Many of the sustainable and ethical fashion brands we work with at SlowCo embrace this slow fashion approach, such as AK Threads or Marrakshi Life. AK Threads uses selected industry standard sizing and adapts elements such as shoulder, waist or hip seams required for personal comfort. All of their pieces are available in additional sizes on request, with free alterations, and customisable lengths. Taking key style elements from the traditional Moroccan wardrobe, Marrakshi Life creates contemporary design pieces using the skill of traditional Moroccan weaving practices and ancient techniques to create clothing that is authentic, and complete with a fashion-forward urban twist. All their items are handsewn in their Marrakech atelier only when they are ordered.
In the end, fast fashion is about overproduction and overconsumption whereby consumers and corporations both play a role. British people alone will spend up to 2.7 billion pounds on clothes during the summer that will only be worn once. In the US that number is even higher. While there is a more or less stable understanding of what sustainable, ethical and slow fashion mean, their definitions are still relatively new and flexible. Popularizing these terms is necessary to progress away from using them interchangeably or incorrectly. Simply speaking, ethical fashion concerns human rights, sustainable fashion concerns the environment and slow fashion concerns the philosophy behind the piece of clothing itself.

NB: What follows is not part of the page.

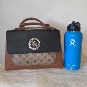 GUESS handbag only used twice. So much room in here! Front magnetic enclosure, back zipper closure. FOUR large main pockets. 1 small side zipper inside and 1 main large zipper inside. Small scuff on back. Hydro Flask used for size comparison.

‘Fast’ has become synonymous with a type of fashion that epitomizes ideas of unsustainability, but high speed is not in itself a defining descriptor of unethical or environmentally damaging practices. Speed is merely one of the tools used to increase sales and deliver economic growth. Unfortunately, on a mass scale, it does make space for the prioritization of ecological and social concerns.
That doesn’t mean, however, that sustainable fashion needs to be marked by extremely slow production. Oftentimes even made-to-order pieces are put together in a matter of days because the right craftsmen can be trusted to do things both, quickly and effectively. After all the speed, which really matters, is how long it takes between the creation, the purchase and the discarding of the item. When it comes to sustainable fashion, the idea is to prolong the life and usage of the garment as long as possible.